Records contained in a dataset:
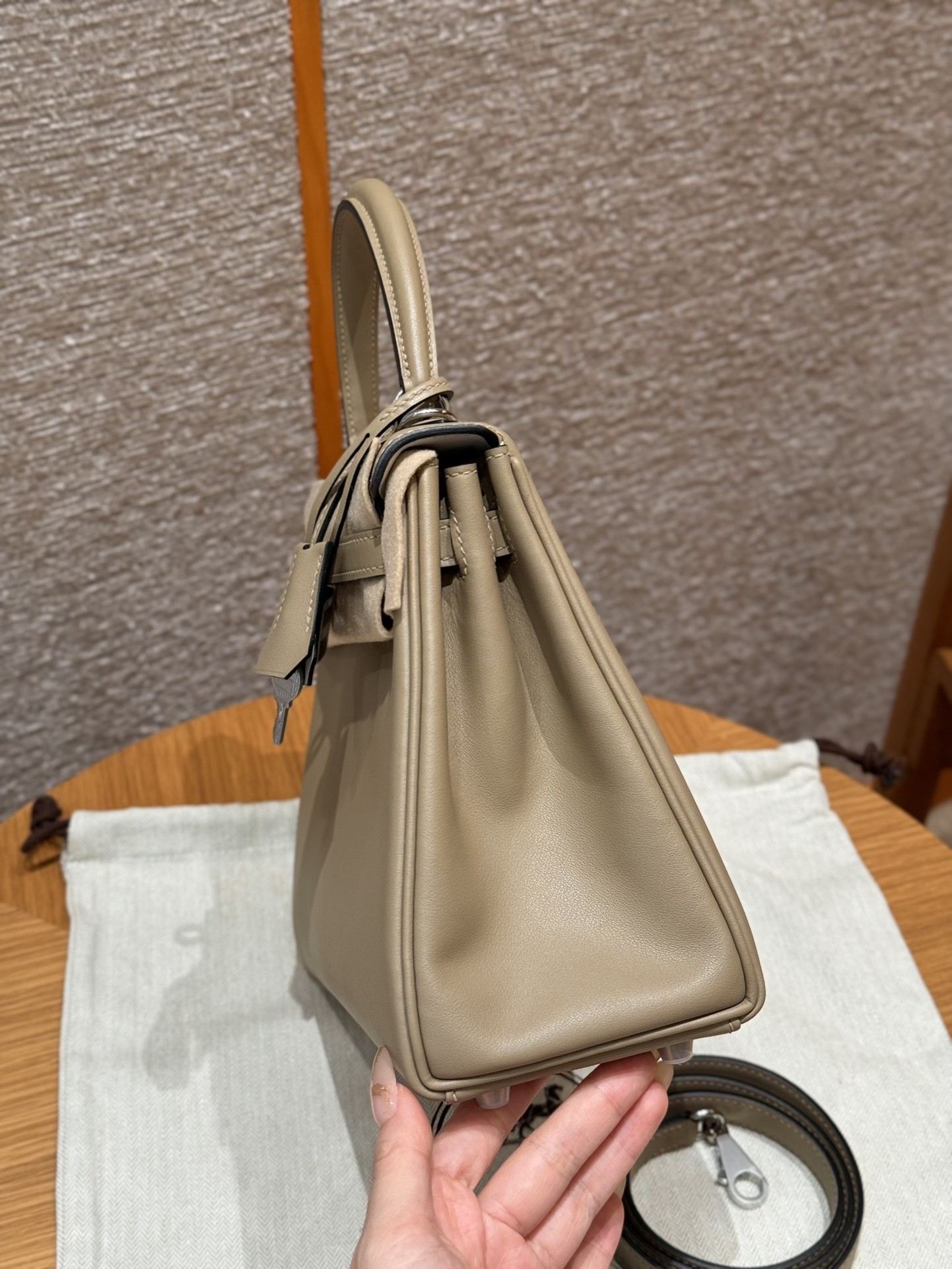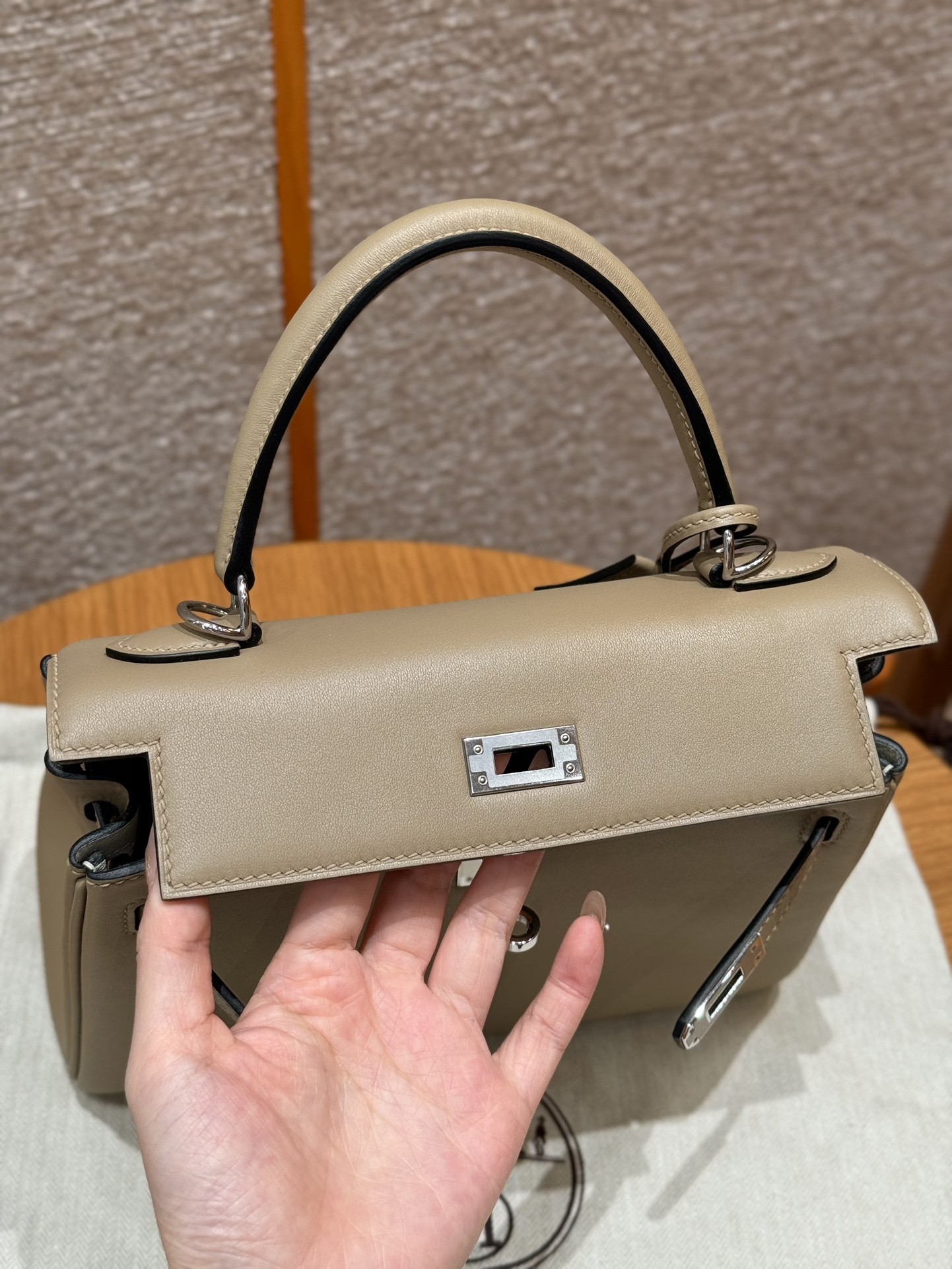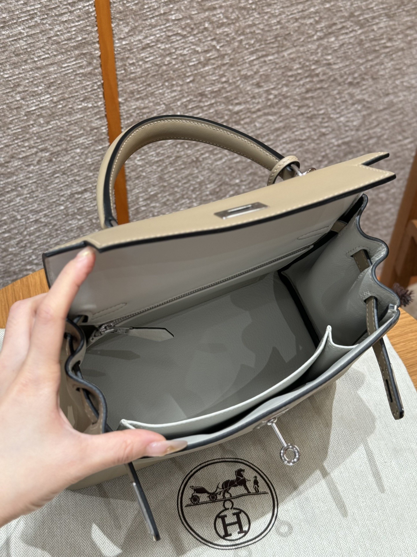 올수공 에르메스 켈리 25 8Q/Beige Marfa M4/Gris pale 스위프트 가죽 실버 하드웨어
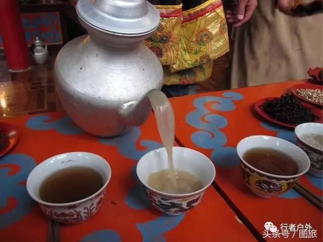 酥油茶是藏族最普通的饮料。制作方法是,先将茶砖熬煮成浓稠的茶汁,然后与酥油、佐料一起倒入酥油茶桶中,搅至水乳交融后煮开饮用。青藏高原气候干燥,缺少蔬菜,而藏民多以肉食为主,所以清热败火的酥油茶是他们日常必不可少的饮料。
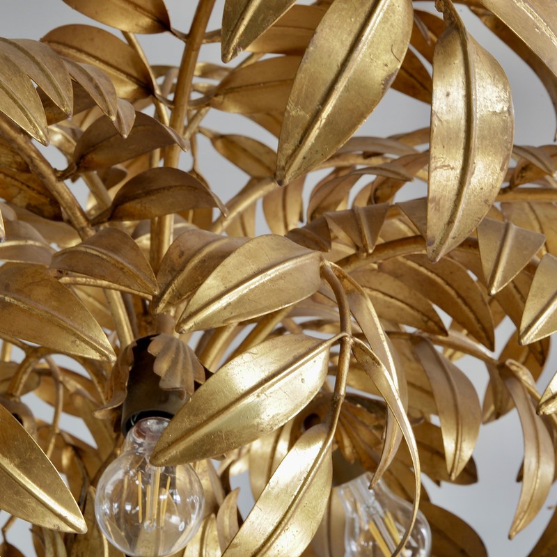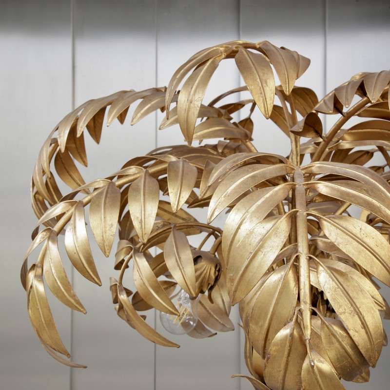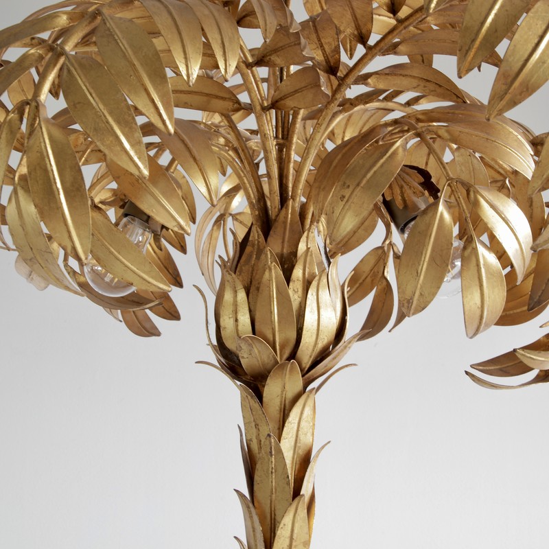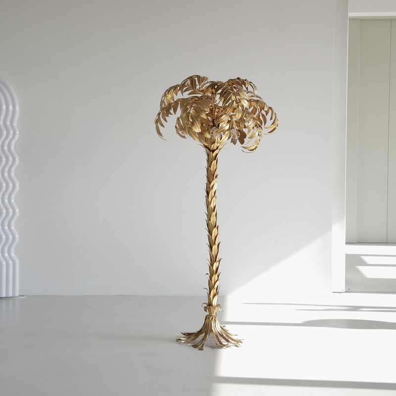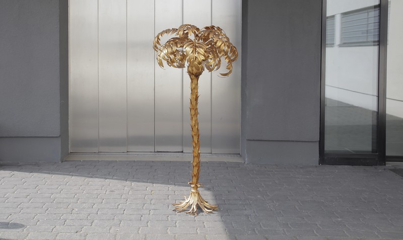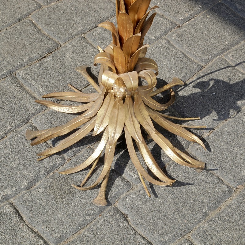 A beautiful single-stemmed Palm Tree floor lamp. Hand-made gilded metal lamp from the 1970s. Three E27 lightfittings. GORGEOUS AND GLAMOROUS PIECE!
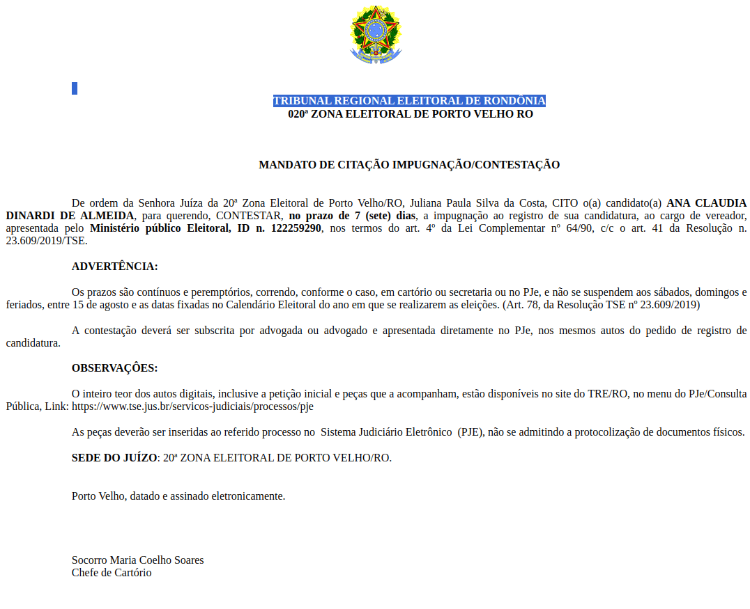 O Tribunal Regional Eleitoral de Rondônia (TRE-RO) informou que a candidatura de Ana Claudia Dinardi de Almeida, que concorre ao cargo de vice-prefeita em Porto Velho, está sendo contestada. A Juíza da 20ª Zona Eleitoral, Juliana Paula Silva da Costa, notificou a candidata, dando-lhe um prazo de sete dias para apresentar sua defesa.
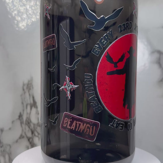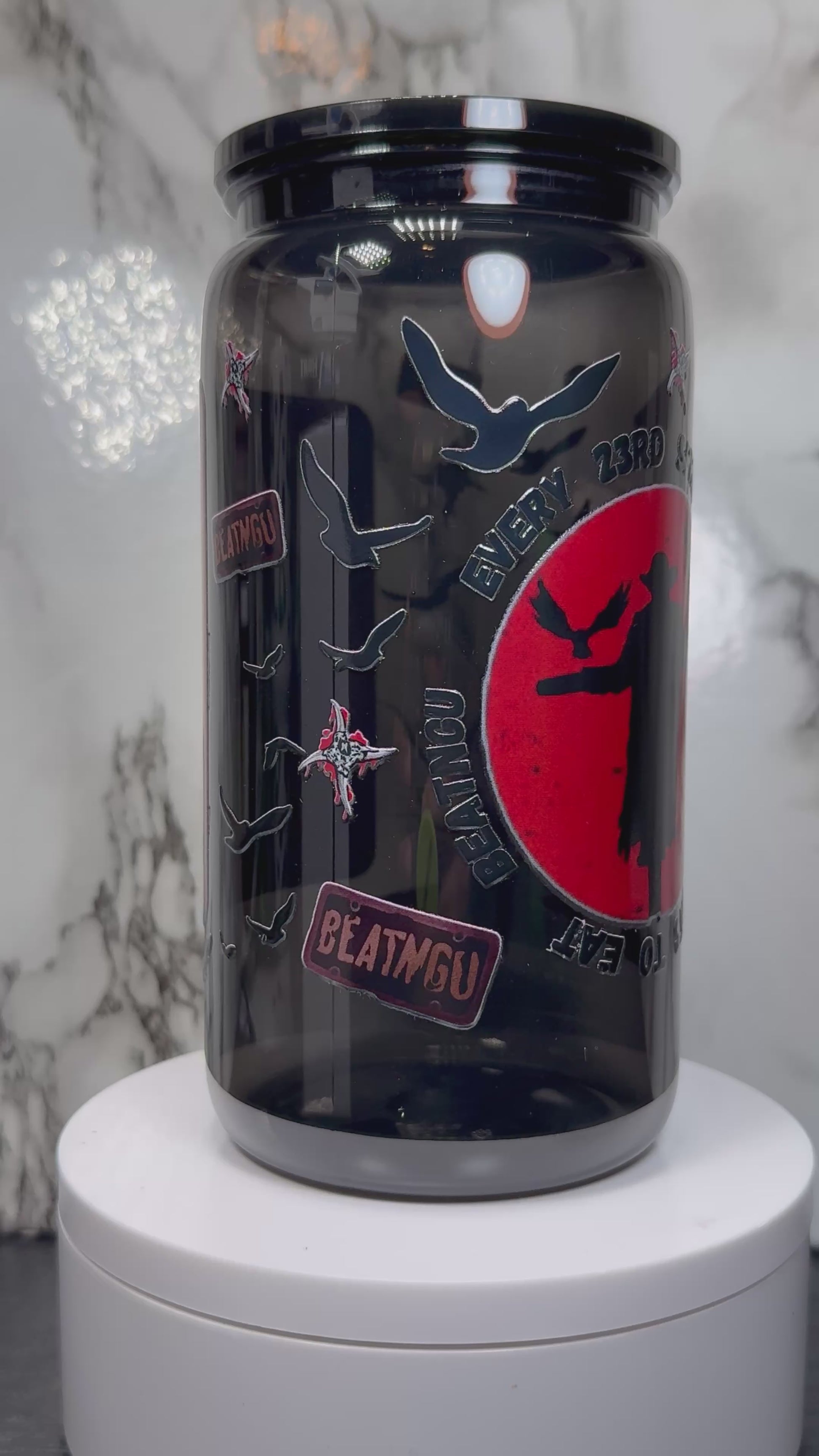 Jeepers Creepers UVDTF on a PLASTIC black beer can cup
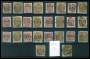 1875. 20 øre rød/grå x 6 tryk og pos. bestemte perlefejl, alle med fejl.
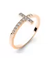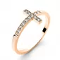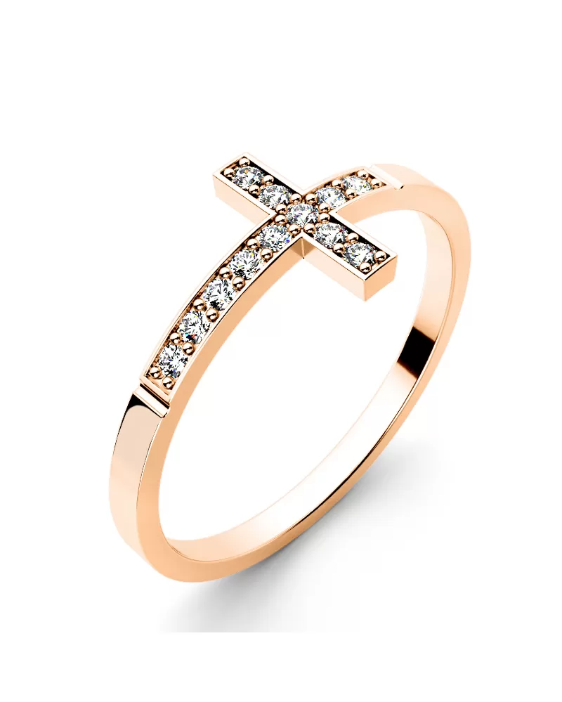 Designový prsten ve tvaru kříže, je vyroben z růžového čtrnácti karátového zlata - 585/1000 v lesklé povrchové úpravě. Do tvaru kříže je vsazeno dvanáct diamantů vybroušených kulatým briliantovým brusem, který zajišťuje maximální brilanci vybroušených facet, dokonale odráží světlo a neuvěřitelné září z každého úhlu pohledu! Vsazování diamantů provádějí naši nejzkušenější mistři zlatníci ručně pod mikroskopem s přesností na 0,01mm a proto nehrozí vypadnutí kamínků jako to bývá u strojně vyráběných prstenů.
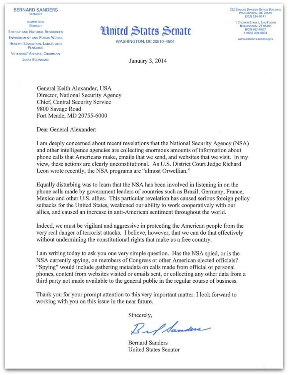 "I am writing today to ask you one very simple question," wrote Sanders in the letter addressed to Gen. Alexander. "Has the NSA spied, or is the NSA currently spying, on members of Congress or other American elected officials?"
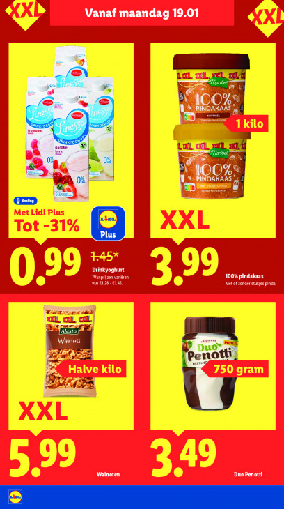 Deze tekst wordt automatisch gegenereerd, dus deze kan fouten bevatten.Vanaf maandag 19.01 wi > À ANCIEN = Im KA KL, U à > mie À | \ | Ss PINDAKAAS me vene Drinkyoghurt DE NU 100% pindakaas van €1.28 - €1,45. Met of zonder stukjes pinda KIL, xxl, KIL Walnu x Le ke Walnoten Duo Penotti
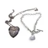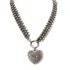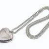 A Victorian silver vesta case, of heart shape with engraved foliate detail, hallmarked Birmingham, 1896, makers mark slightly rubbed possibly JG, upon later thick silver chain, total weight approx. 64…
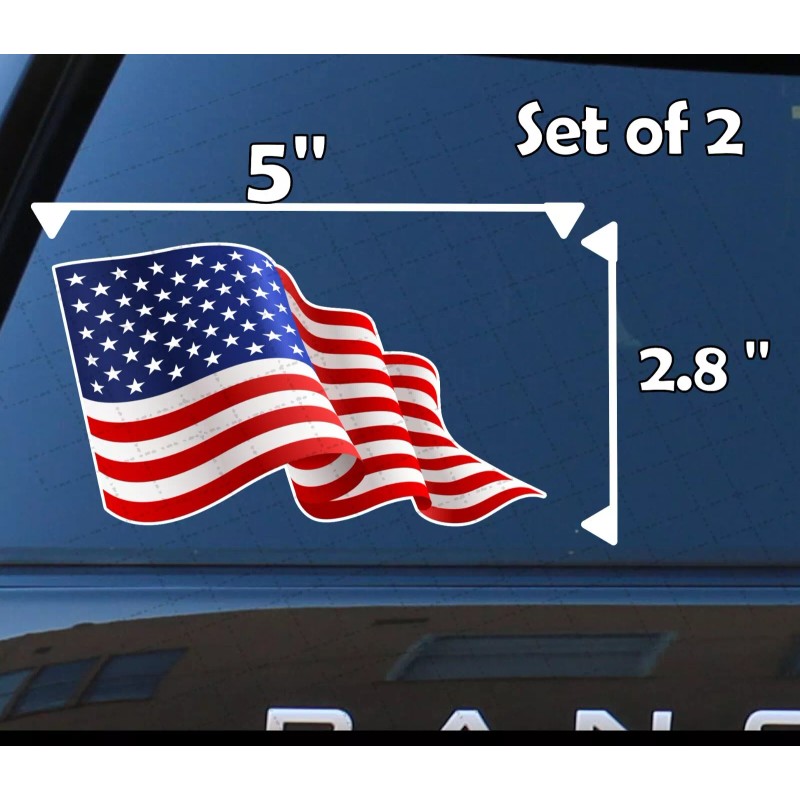 Unbranded American Flag Waving Stickers Self Adhesive Car Window Set of 2 USA Old Glory
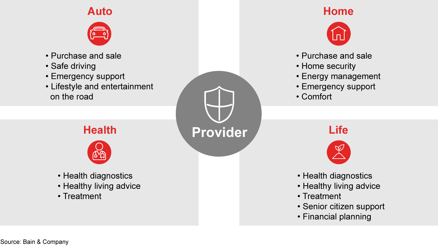 • Auto, home, life and health insurers can reposition themselves at the center of an ecosystem of noncore services, including safe driving programs, home security systems, advice on healthy living and senior citizen support.
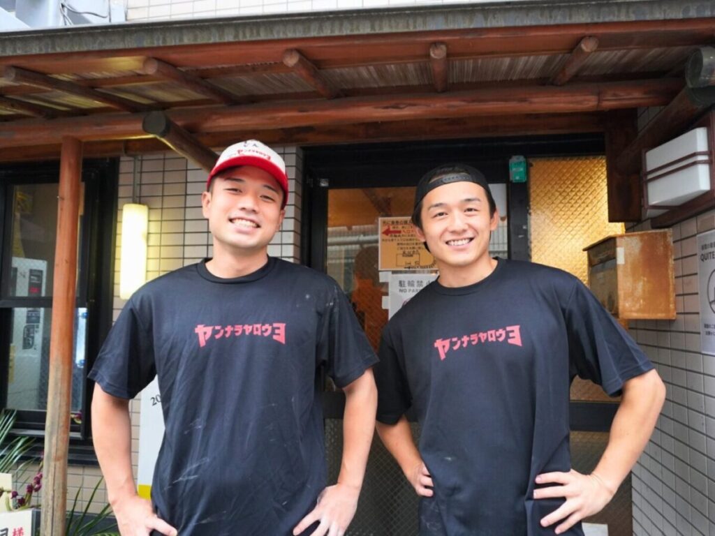 「ヤンナラヤロウヨ」を切り盛りするのは、仁太郎さんと幹太さん。お二人は足立区出身、幼稚園の頃からの幼馴染だそうです。店長の仁太郎さんは、白山にある人気二郎系ラーメン店「俺の生きる道」で修行を積み、幹太さんは、脱サラして幼なじみの仁太郎さんと一緒に飲食の世界へ進みました。
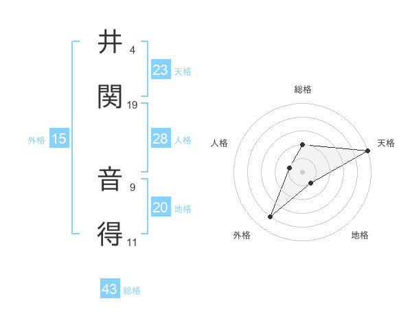 井関 音得さんの総格は43画の2点!

**Your assignment**
Every line from the one containing "Designový prsten ve" to the final line of the records must be transcribed exactly, both ends included, with the pictures left out.

**Output below**
 Designový prsten ve tvaru kříže, je vyroben z růžového čtrnácti karátového zlata - 585/1000 v lesklé povrchové úpravě. Do tvaru kříže je vsazeno dvanáct diamantů vybroušených kulatým briliantovým brusem, který zajišťuje maximální brilanci vybroušených facet, dokonale odráží světlo a neuvěřitelné září z každého úhlu pohledu! Vsazování diamantů provádějí naši nejzkušenější mistři zlatníci ručně pod mikroskopem s přesností na 0,01mm a proto nehrozí vypadnutí kamínků jako to bývá u strojně vyráběných prstenů.
 "I am writing today to ask you one very simple question," wrote Sanders in the letter addressed to Gen. Alexander. "Has the NSA spied, or is the NSA currently spying, on members of Congress or other American elected officials?"
 Deze tekst wordt automatisch gegenereerd, dus deze kan fouten bevatten.Vanaf maandag 19.01 wi > À ANCIEN = Im KA KL, U à > mie À | \ | Ss PINDAKAAS me vene Drinkyoghurt DE NU 100% pindakaas van €1.28 - €1,45. Met of zonder stukjes pinda KIL, xxl, KIL Walnu x Le ke Walnoten Duo Penotti
 A Victorian silver vesta case, of heart shape with engraved foliate detail, hallmarked Birmingham, 1896, makers mark slightly rubbed possibly JG, upon later thick silver chain, total weight approx. 64…
 Unbranded American Flag Waving Stickers Self Adhesive Car Window Set of 2 USA Old Glory
 • Auto, home, life and health insurers can reposition themselves at the center of an ecosystem of noncore services, including safe driving programs, home security systems, advice on healthy living and senior citizen support.
 「ヤンナラヤロウヨ」を切り盛りするのは、仁太郎さんと幹太さん。お二人は足立区出身、幼稚園の頃からの幼馴染だそうです。店長の仁太郎さんは、白山にある人気二郎系ラーメン店「俺の生きる道」で修行を積み、幹太さんは、脱サラして幼なじみの仁太郎さんと一緒に飲食の世界へ進みました。
 井関 音得さんの総格は43画の2点!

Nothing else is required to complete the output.